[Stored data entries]
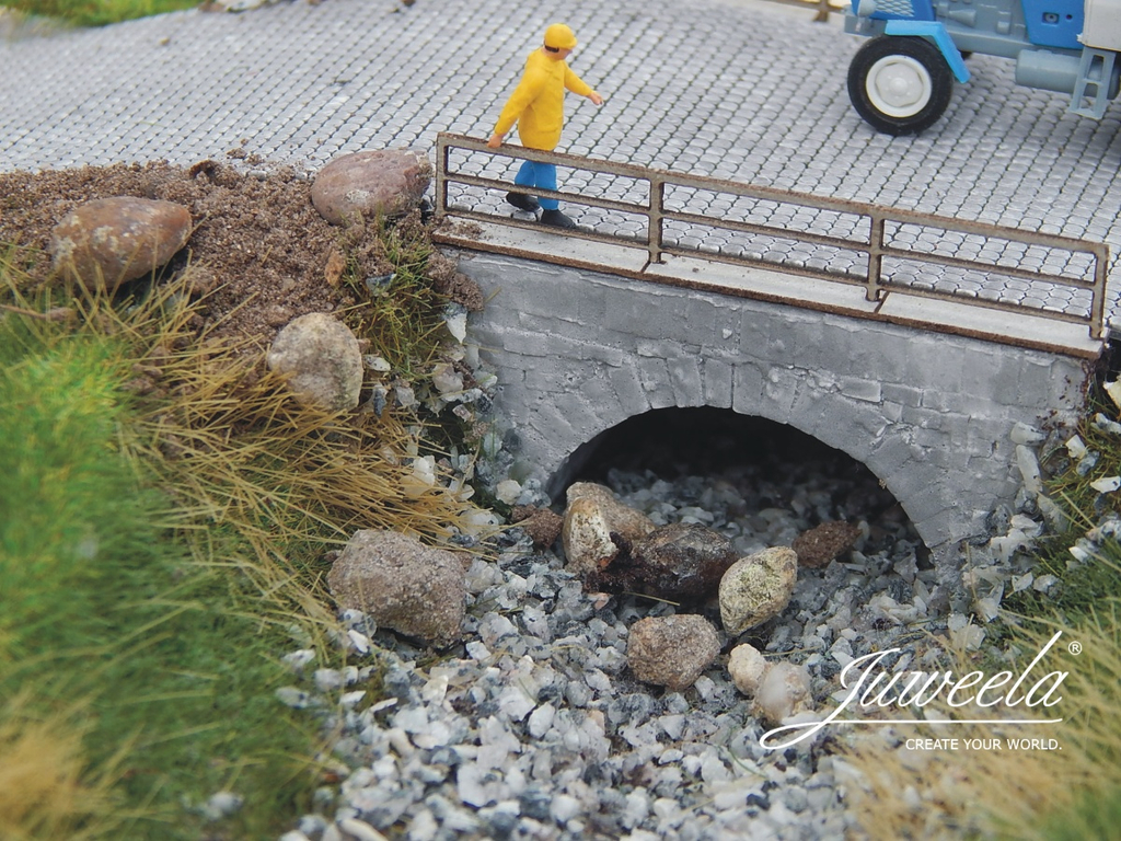 Die Ziegelstein-Struktur fügt sich in jedem Diorama gut ein. Da die Unterseite ebenfalls mit Ziegeln gemauert ist, sind viele schöne Details in der Modellbau Landschaft darstellbar.
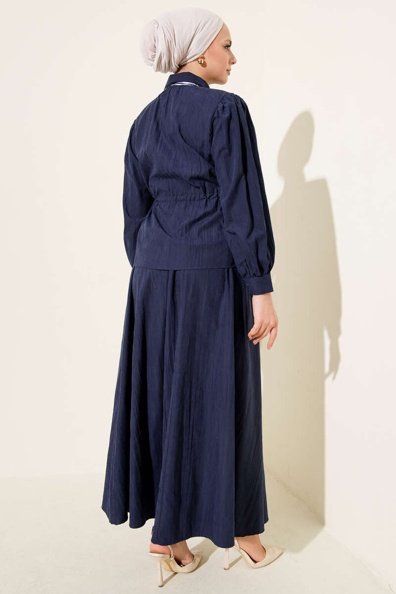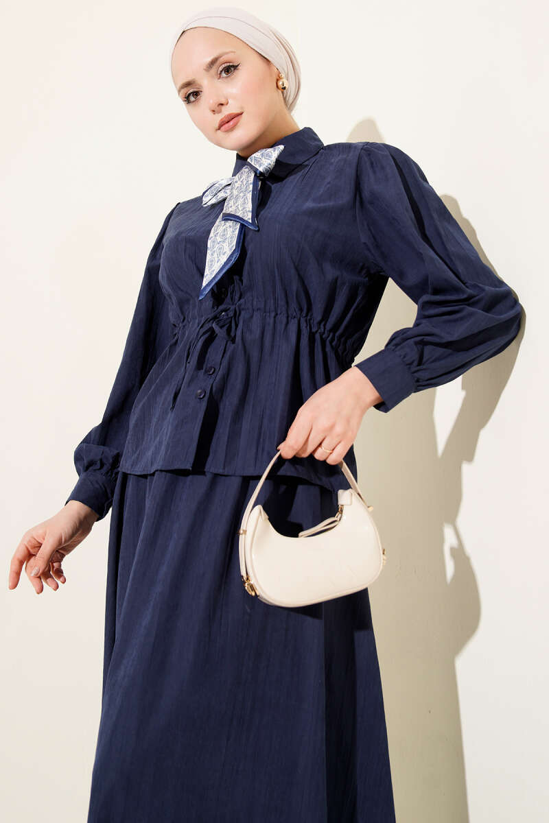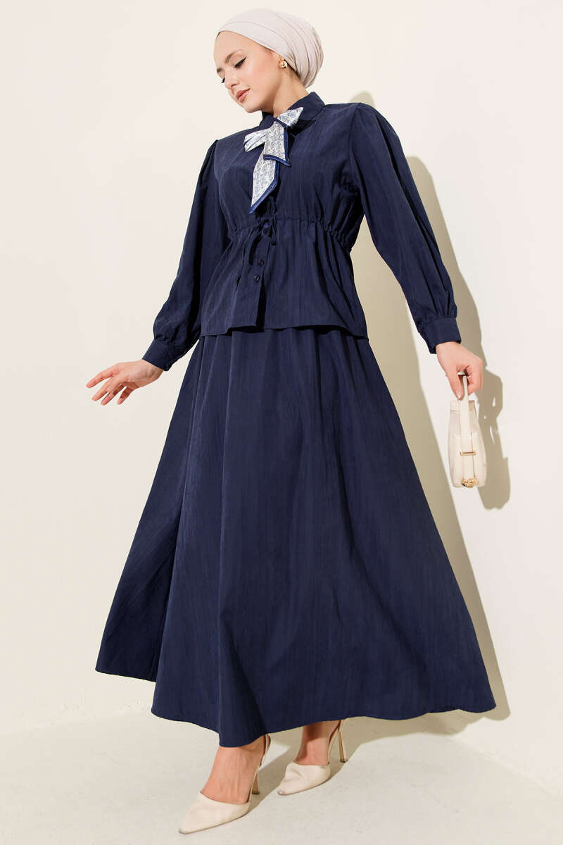 Bel Tünelli Fularlı Tensel Etekli Takım Lacivert
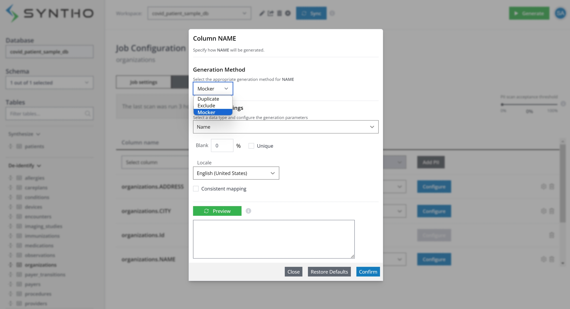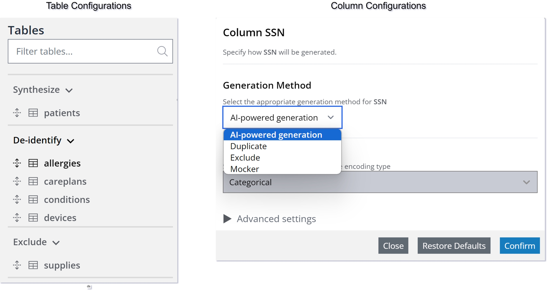 Using these modes, you can safely de-identify PII by either replacing it with mock data (Mockers) or excluding it (Exclude) from the target database (for more information, see Configure column settings).
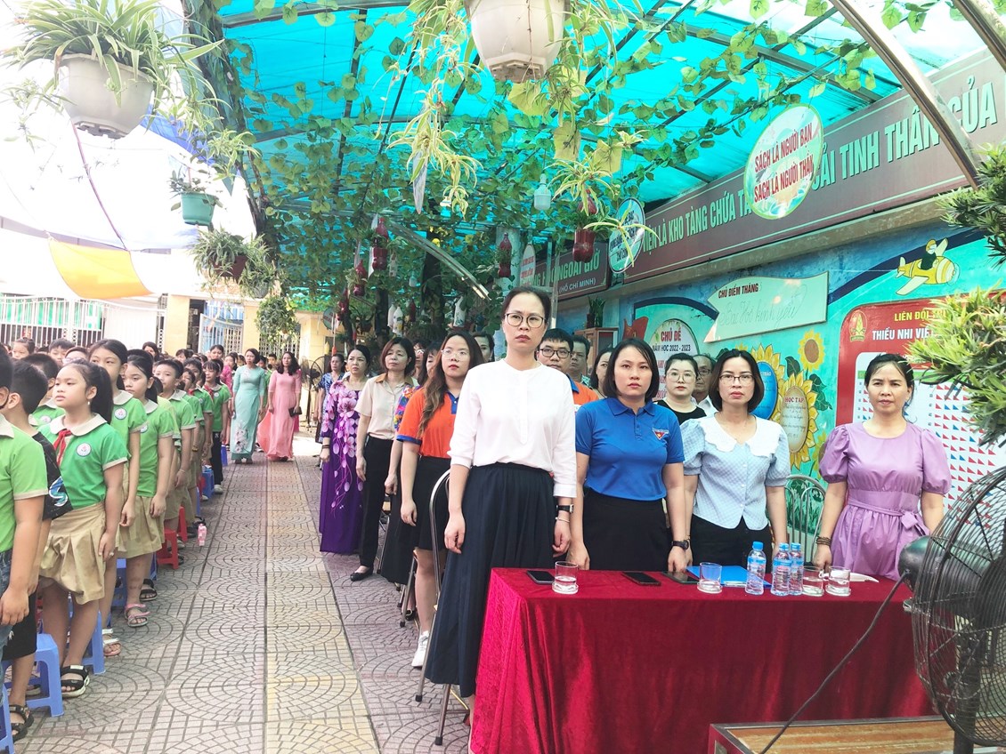 - Cô giáo Lê Thị Hoa- Bí thư chi bộ - Hiệu trưởng nhà trường; các thầy cô giáo trong hội đồng sư phạm và đặc biệt là toàn thể các em học sinh trong toàn Liên đội đã có mặt đông đủ.
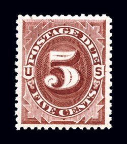 905 nh J25 image#J25, 5c Bright claret, an eye-appealing mint single, possessing striking intense color and a prooflike impression on brilliantly white paper, plus it is extraordinarily well centered within uncharacteristically large margins, immaculate o.g., never hinged, an extremely fine gem; 1997 PF certificate for a block of four, this being the top left stamp. (Image) for hinged $100.00
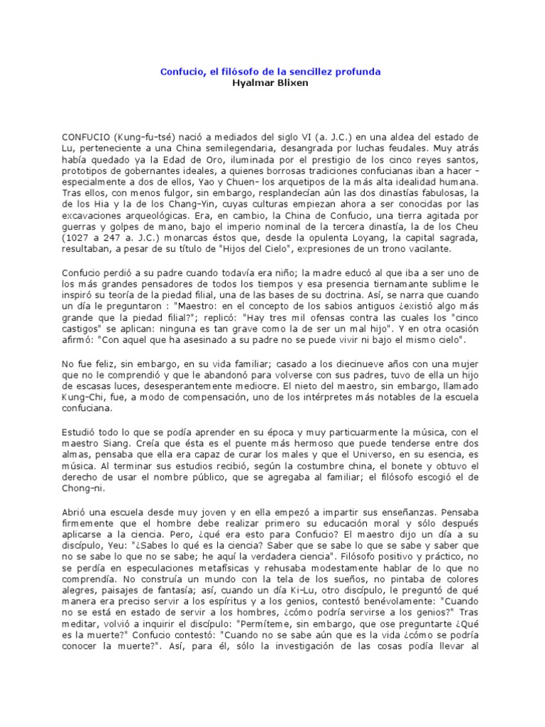 CONFUCIO (Kung-fu-tsé) nació a mediados del siglo VI (a. J.C.) en una aldea del estado de
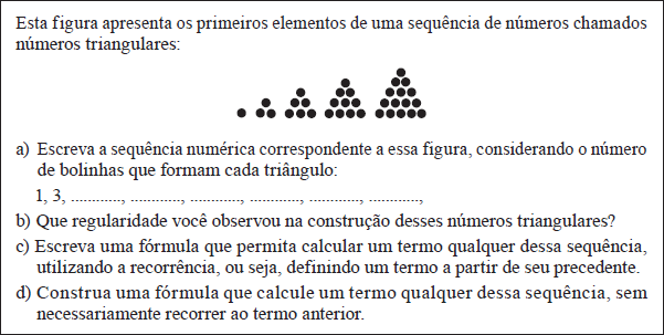 No que se refere ao conhecimento matemático, as três tarefas matemáticas, expostas nas Figuras 2, 3 e 4, ainda que considerem conteúdos específicos de cada série/ano, focam na análise do comportamento de padrões, buscando expressões algébricas, além de possuir figuras e representações que contribuem para a abstração. As questões colocadas abaixo de cada “tipo de padrão” nas referidas figuras, são designadas como questões abertas, uma vez que cada professor pode chegar ao resultado por uma diversidade de resoluções e representações. Além disso, é possível constatar que se trata de tarefas matemáticas de alto nível cognitivo, pois exploram a natureza dos conceitos, relações e processos matemáticos, como na questão b da segunda tarefa: Que regularidade você observou na construção desses números triangulares?
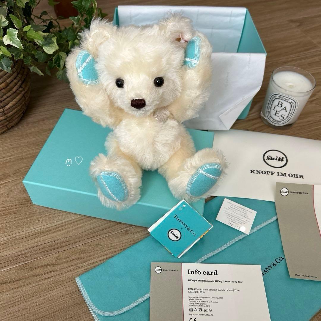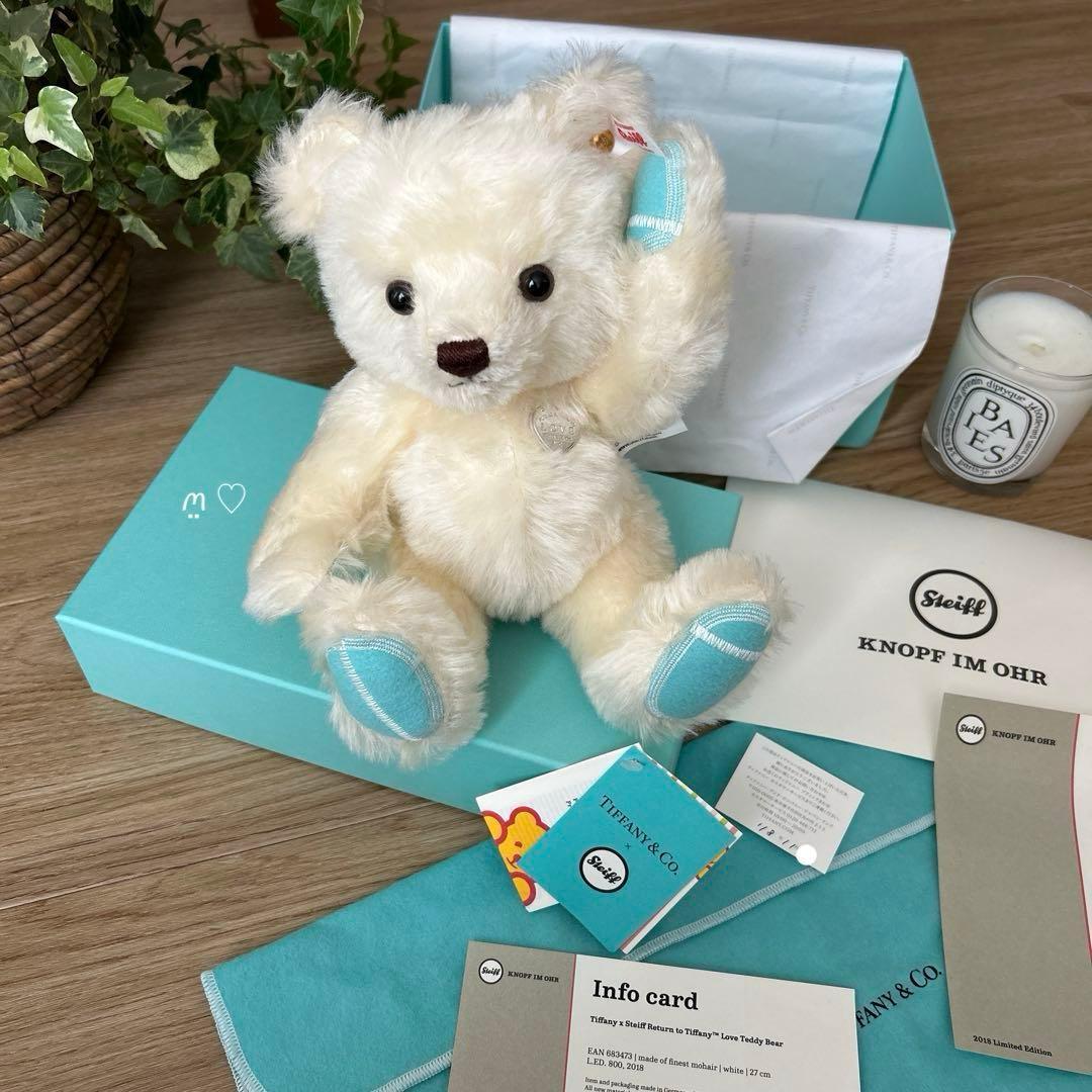 ティファニーと、世界で初めてテディベアを製作したとされるドイツのぬいぐるみブランド・シュタイフのコラボレーションによって誕生した「リターン トゥ ティファニー ラブ テディベア」。
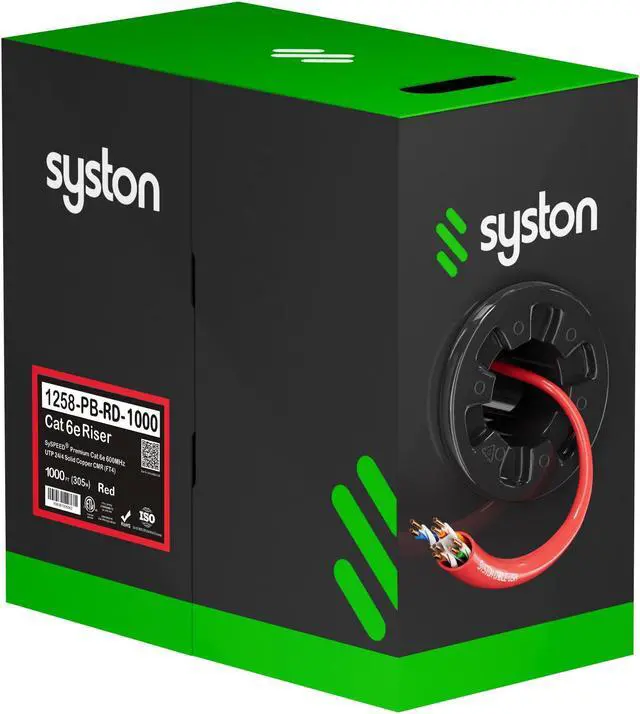 SYSTON CABLE TECHNOLOGY CAT 6E Ethernet Bulk Cable, 600MHz, 23/4pr Solid CU, CMR, Indoor/Outdoor 1000 ft. Black 1000 ft. Red

### Instructions for the task:
The records above are to be copied exactly, without their pictures.

### Solved problem:
 Die Ziegelstein-Struktur fügt sich in jedem Diorama gut ein. Da die Unterseite ebenfalls mit Ziegeln gemauert ist, sind viele schöne Details in der Modellbau Landschaft darstellbar.
 Bel Tünelli Fularlı Tensel Etekli Takım Lacivert
 Using these modes, you can safely de-identify PII by either replacing it with mock data (Mockers) or excluding it (Exclude) from the target database (for more information, see Configure column settings).
 - Cô giáo Lê Thị Hoa- Bí thư chi bộ - Hiệu trưởng nhà trường; các thầy cô giáo trong hội đồng sư phạm và đặc biệt là toàn thể các em học sinh trong toàn Liên đội đã có mặt đông đủ.
 905 nh J25 image#J25, 5c Bright claret, an eye-appealing mint single, possessing striking intense color and a prooflike impression on brilliantly white paper, plus it is extraordinarily well centered within uncharacteristically large margins, immaculate o.g., never hinged, an extremely fine gem; 1997 PF certificate for a block of four, this being the top left stamp. (Image) for hinged $100.00
 CONFUCIO (Kung-fu-tsé) nació a mediados del siglo VI (a. J.C.) en una aldea del estado de
 No que se refere ao conhecimento matemático, as três tarefas matemáticas, expostas nas Figuras 2, 3 e 4, ainda que considerem conteúdos específicos de cada série/ano, focam na análise do comportamento de padrões, buscando expressões algébricas, além de possuir figuras e representações que contribuem para a abstração. As questões colocadas abaixo de cada “tipo de padrão” nas referidas figuras, são designadas como questões abertas, uma vez que cada professor pode chegar ao resultado por uma diversidade de resoluções e representações. Além disso, é possível constatar que se trata de tarefas matemáticas de alto nível cognitivo, pois exploram a natureza dos conceitos, relações e processos matemáticos, como na questão b da segunda tarefa: Que regularidade você observou na construção desses números triangulares?
 ティファニーと、世界で初めてテディベアを製作したとされるドイツのぬいぐるみブランド・シュタイフのコラボレーションによって誕生した「リターン トゥ ティファニー ラブ テディベア」。
 SYSTON CABLE TECHNOLOGY CAT 6E Ethernet Bulk Cable, 600MHz, 23/4pr Solid CU, CMR, Indoor/Outdoor 1000 ft. Black 1000 ft. Red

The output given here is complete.